Output distribution of rand(Float32) and rand(Float64), thread 2

That output distribution looks very strange. It’s monotonic and has a bag of 2^64 possible values, of which many are repeated. Looking just at the low-end of the range and looking at the numbers as multiples of 2^64 (to make them intelligible):

julia> @. rand64(UInt64($(0:12))) * $(2.0^64)
13-element Vector{Float64}:
  1.9999999999999998
  1.9999999999999998
  1.9999999999999998
  1.9999999999999998
  5.999999999999999
  5.999999999999999
  5.999999999999999
  5.999999999999999
  9.999999999999998
  9.999999999999998
  9.999999999999998
  9.999999999999998
 13.999999999999998

I can’t figure out for which values of p the identity I think we all want want — that is, P(\texttt{rand64()} < p) = p — is true.

There’s a 4-in-2^64 chance of getting values less than 2*2^{-64}. There’s an 8-in-2^64 chance of getting values less than 6*2^{-64}. Maybe the values for which it’s correct to test lie in-between its observable outputs? But then it’s not obvious how that applies at the other side of the range where it’s impossible to place a p between its observable outputs. It just seems… confused and fraught.

1 Like

My proposal was based on the observation that the distribution given by ldexp(convert(FloatT, rand(UInt64)), -64) is pretty OK if we must avoid leading_zeros / trailing_zeros due to vectorization concerns on avx2 machines.

Conceptually, this is bog standard naive linearly spaced 2^64 points on the unit interval.

There are only three issues with this:

  1. This can emit 1.0, because we can’t set the rounding mode.
  2. This can emit 0.0, which I don’t like for a lot of reasons.
  3. convert(Float32, UInt64) doesn’t actually vectorize well on avx2. But there is a juicy instruction to convert signed Int64 to Float32.

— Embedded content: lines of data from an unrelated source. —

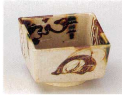
83-3-582 サビ織部流角小鉢 1,700円 9.3×9.2×5.8cm 08705581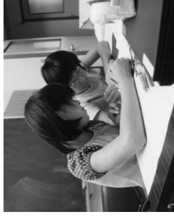
取材した内容をもとに記事を書く二人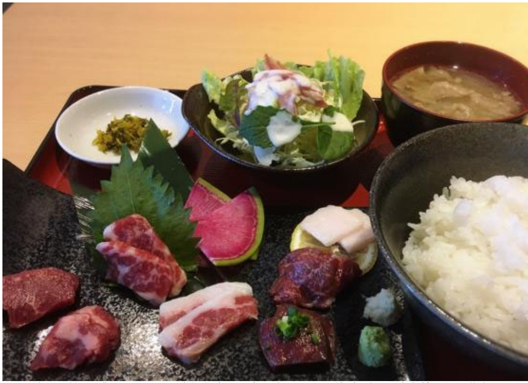
7種類の馬刺しが盛られたランチ限定御膳（2500円）。奥に見える馬汁（馬肉のお味噌汁）がまた美味しい！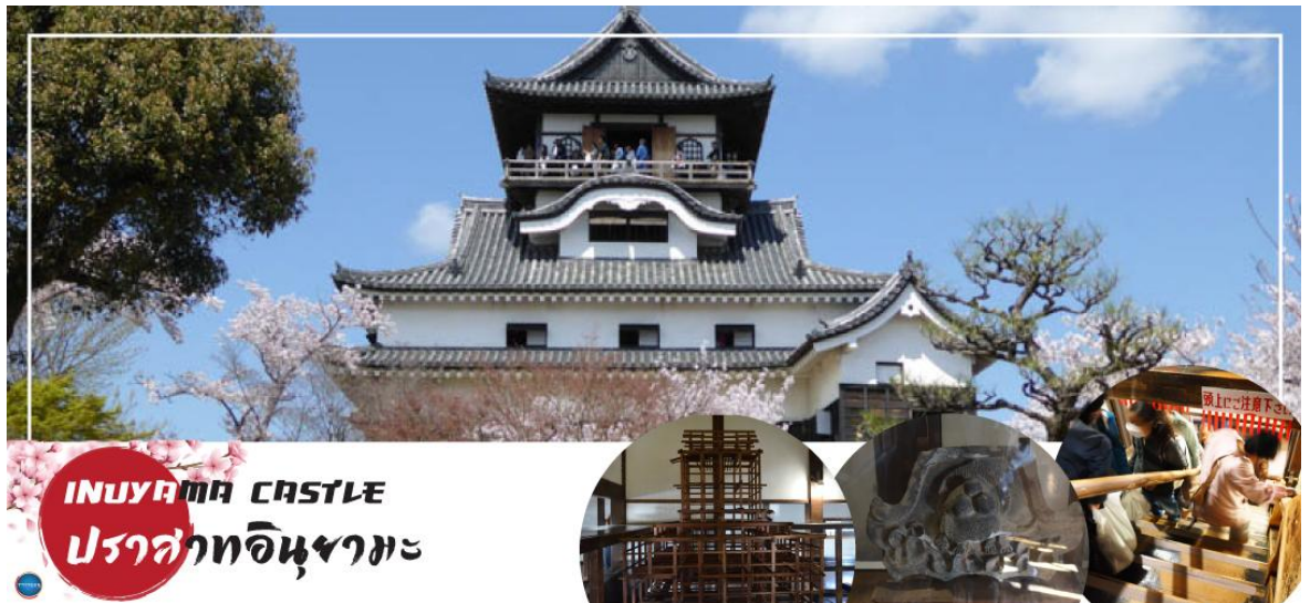
INUYAMA CASTLE ปราสาทอินุยามะ

นำท่าน เข้าชม ปราสาทอินุยามะ (Inuyama Castle) ตั้งอยู่ใจกลางเมืองอินุยามะ ทางตะวันตกเฉียงเหนือของจังหวัดไอจิ ประเทศญี่ปุ่น เป็นปราสาทที่สร้างขึ้นในตอนปลายศตวรรษที่ 16 ที่อยู่รอดมาจนถึงปัจจุบัน ปราสาทแห่งนี้มีความพิเศษตรงที่มีหอคอยที่มีความเก่าแก่ที่สุดในประเทศ ดังนั้นปราสาทแห่งนี้จึงได้รับการประกาศให้เป็นสมบัติของชาติ ด้านในของปราสาทมีการจัดแสดงอาวุธในการทำสงครามในสมัยต่าง ๆ ของญี่ปุ่น และเราสามารถเดินขึ้นไปด้านบนเพื่อชมความงามของตัวเมืองอินุยามะ ตลอดจนแม่น้ำคิโซะ และที่ราบโนบิได้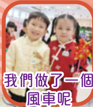
我們做了一個風車呢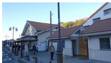
大磯駅集合 9 : 30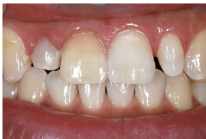
4-2 インターナルブリーチを4回行った。切端側のエナメル質の部分がコンポジットレジンより白くなっているのが確認できる。切端部に関していえば左右でほぼ同じ色調まで回復していると思われる。

So I fixed all three issues:

  1. We multiply with prevfloat(1.0f0), which prevents the forbidden emission of 1.0
  2. I dislike emitting zero, so I exclude it by setting the lowest bit. We probably could also add ldexp(1.0, -64) or something (this addition doesn’t change largish output values, a typical float case of x + y == x with nonzero y).
  3. Can’t convert UInt64 to Float32 in a single instruction? Yeah, let’s just unset the leading bit. The compiler understands this and uses the signed-Int64 to Float32 instruction.
  4. Oh, we still need to shift the result into the unit interval, i.e. ldexp(..., -63). I can fuse that with the multiplication, by shifting the constant factor.

This doesn’t mean that the sampling is good, just that it should not be bizarre.

1 Like

Just on the observability of things between 0 and 2^-64,

julia> 2.0^64/(1e9*1e6*3600)
5.124095576030431

A million cores at a billion cycles per second takes on the order of 5 hours to observe this. It’s really really small, but not unobservable in some distributed cooperative SETI@home type thing (say with 50 million participants)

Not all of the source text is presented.